# New Here :)



## lilruffian (Jun 28, 2010)

Welcome to the forum!


----------



## Country Woman (Dec 14, 2011)

Welcome to the forum nice to meet you 
We would like to see a picture of you and your horse


----------



## tinyliny (Oct 31, 2009)

welcome! Of course you will post photos?


----------



## ArabianGirl27 (Aug 5, 2012)

Thank you both.  I'll hopefully put up a pic of my horse soon... It won't upload right now, don't know why, but then my computer has serious issues with annoying me, lol.


----------



## HorseCrazyTeen (Jul 29, 2012)

Hello friend! so glad you're here! Check out my horses.


----------



## HorseLovinLady (Jul 18, 2011)

Welcome aboard!! Can't wait to see pics!


----------



## LittleAppy (Feb 16, 2012)

Welcome to the forum!!!
_Posted via Mobile Device_


----------



## ArabianGirl27 (Aug 5, 2012)

Thank you guys!  Everyone's horses are so beautiful!
I just have a question that I'm not sure if anyone knows the answer to, but I thought I'd ask... So, I'm trying to upload a pic of my horse on her page. So I go to upload one, and I find it and click "upload", but then it takes forever to load, returns to my horse's page, and the photo isn't uploaded. I don't know if I'm doing it wrong, or maybe I have to wait a certain amount of time after joining before uploading? It could just be my computer, too, I don't know, but I thought I'd see if anyone knew why it's doing this.


----------



## HorseCrazyTeen (Jul 29, 2012)

Ok, so you clicked Browse, then double-clicked your photo, then clicked upload? If you did that then I don't know why it's not showing up. Hope they do because I want to see your horse!


----------



## ArabianGirl27 (Aug 5, 2012)

Yeah, that's exactly what I did. I don't know why it's not working, either. Ah well, I'll try it again later... maybe it really is just my computer.

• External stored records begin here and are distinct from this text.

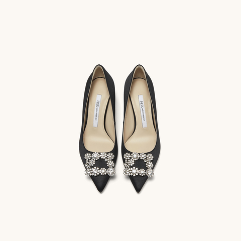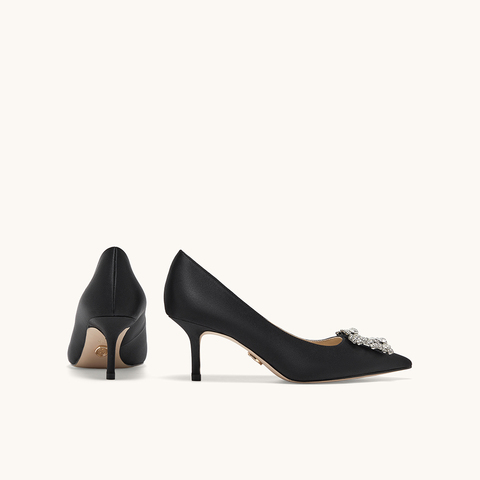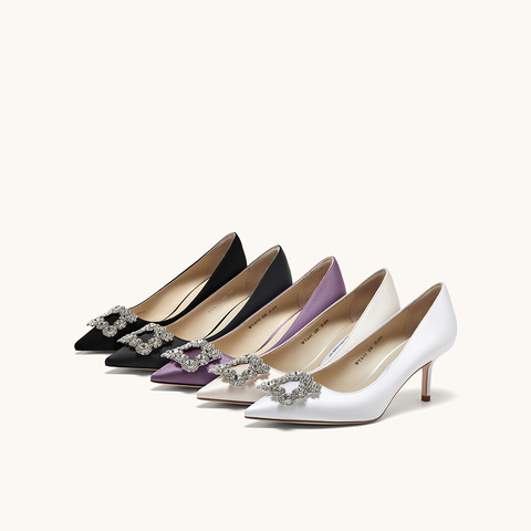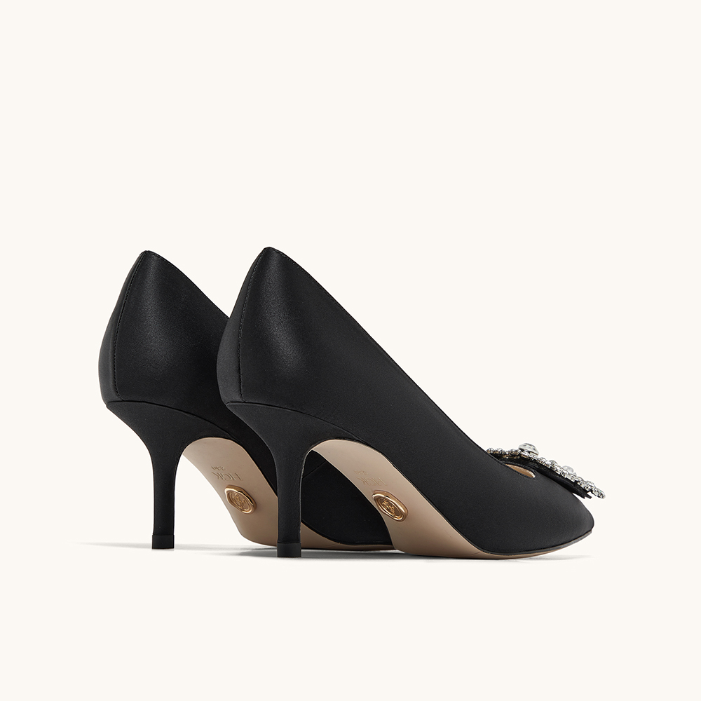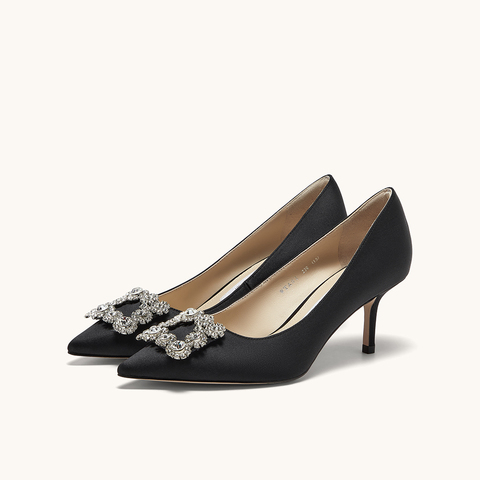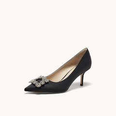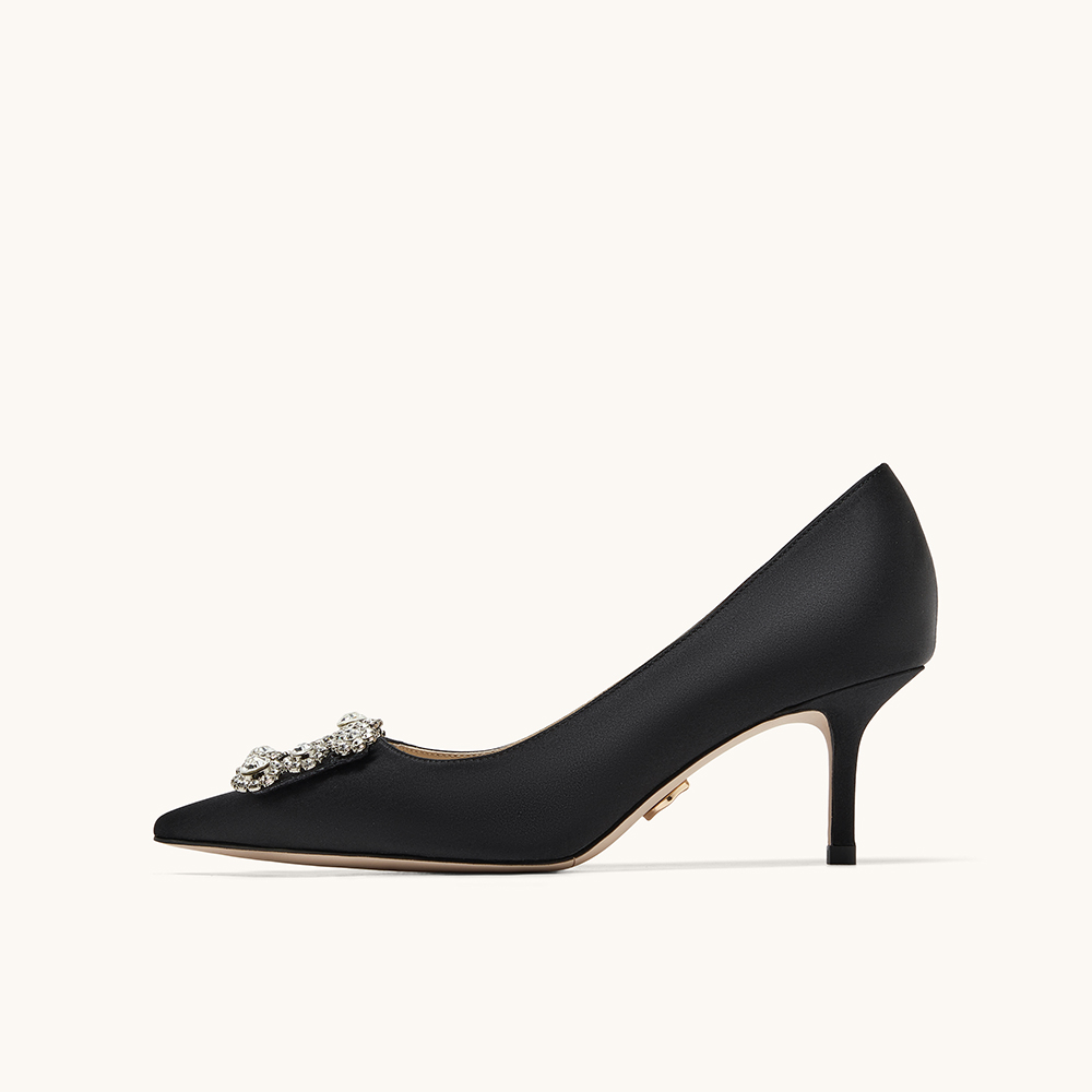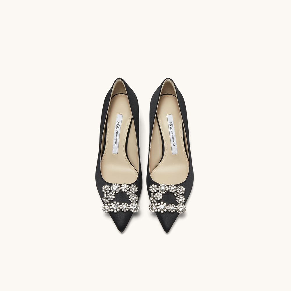 HGK时尚耀星花苞尖头浅口缎面闪钻细跟高跟鞋女鞋WTA01AQ5
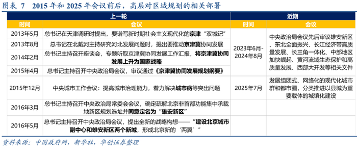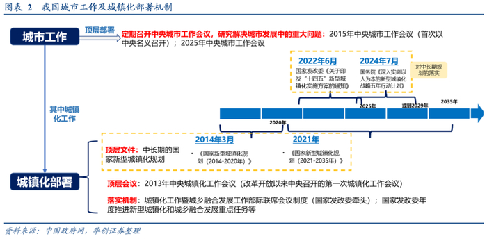 均是新一轮国家级五年规划和城镇化五年部署的起点。一方面,2015年、2025年分别是“十三五”“十五五”规划的谋划之年,中央城市工作会议部署,或能为我们前瞻五年规划中城镇化建设,提供一个可观测窗口。另一方面,2015年、2025年也同样是新一轮城镇化五年部署起点。上一次正值2014年《国家新型城镇化规划(2014-2020年)》发布次年,本次也是2024年《深入实施以人为本的新型城镇化战略五年行动计划》发布次年。
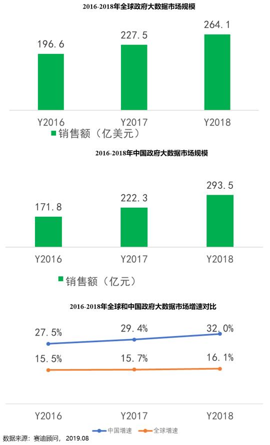 3. 政府大数据市场是指国务院各部委和地方各级政府所采购的与政府大数据相关的软件产品和应用服务所对应的IT支出。2018年全球和中国政府大数据市场保持高速增长。从全球来看,美、英、中、澳等国相继出台实施专项政策和行动方案,推动政府大数据稳步发展。2018年,全球政府大数据市场呈现持续快速增长趋势,市场规模达到264.1亿美元,增速16.1%。依托数字中国和新型智慧城市建设,国务院各部委和地方各级政府大力推动大数据产品和服务在实际业务中的应用。据赛迪顾问统计,2016-2018年中国政府大数据市场规模增速是全球增速的近2倍。市场规模达到293.5亿元,同比增长32%。
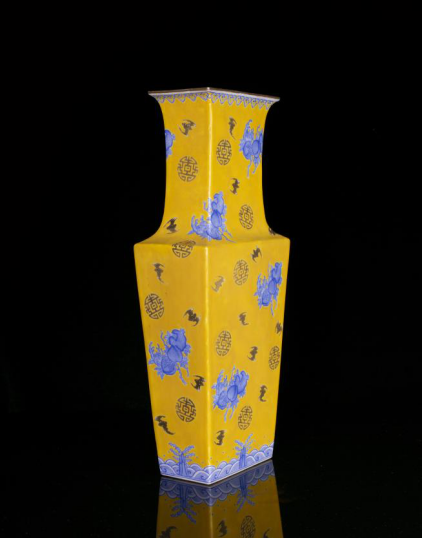 清·光绪黄釉蓝料彩福寿纹方瓶成交价208000元
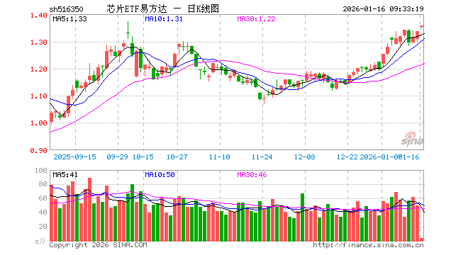 1月16日,芯片ETF易方达(516350)开盘涨1.20%,报1.351元。芯片ETF易方达(516350)重仓股方面,中芯国际开盘涨2.46%,寒武纪涨0.35%,海光信息涨1.08%,北方华创涨1.24%,澜起科技涨2.14%,兆易创新涨1.99%,中微公司涨1.62%,豪威集团涨0.82%,芯原股份跌0.25%,长电科技涨2.30%。
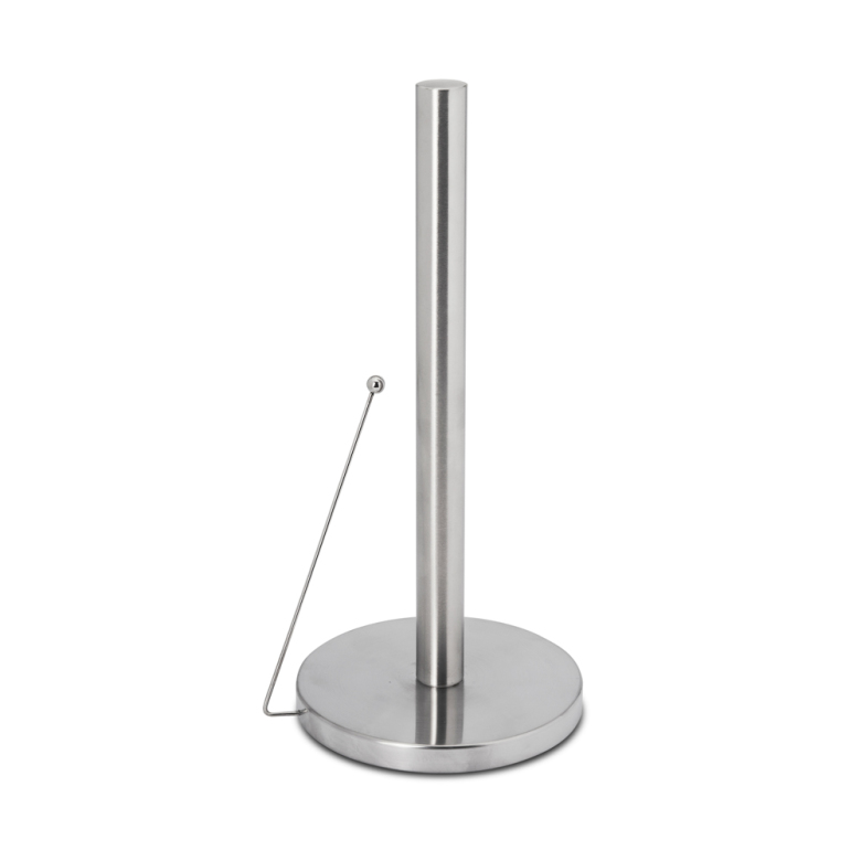 Hållaren för hushållspapper i rostfritt stål är ett hållbart och stabilt verktyg som, tack vare stödramen med kulformad topp, gör det möjligt att riva av hushållspapper med en hand.

In the meantime, if anyone wants to see pics of my horse, go to www.aswadameera.deviantart.com/gallery - recent pics are in the folder "Destiny 2012" and older ones in "Destiny Before 2012".


----------



## Aennikay (Aug 6, 2012)

Hey  Welcome to the forum! 

Your horse is really beautiful & I really like her name 

~ Annika


----------



## ArabianGirl27 (Aug 5, 2012)

Thank you!


----------



## ArabianGirl27 (Aug 5, 2012)

Hey guys, just saying that I finally got some pics up of my mare. Take a look if you want to.


----------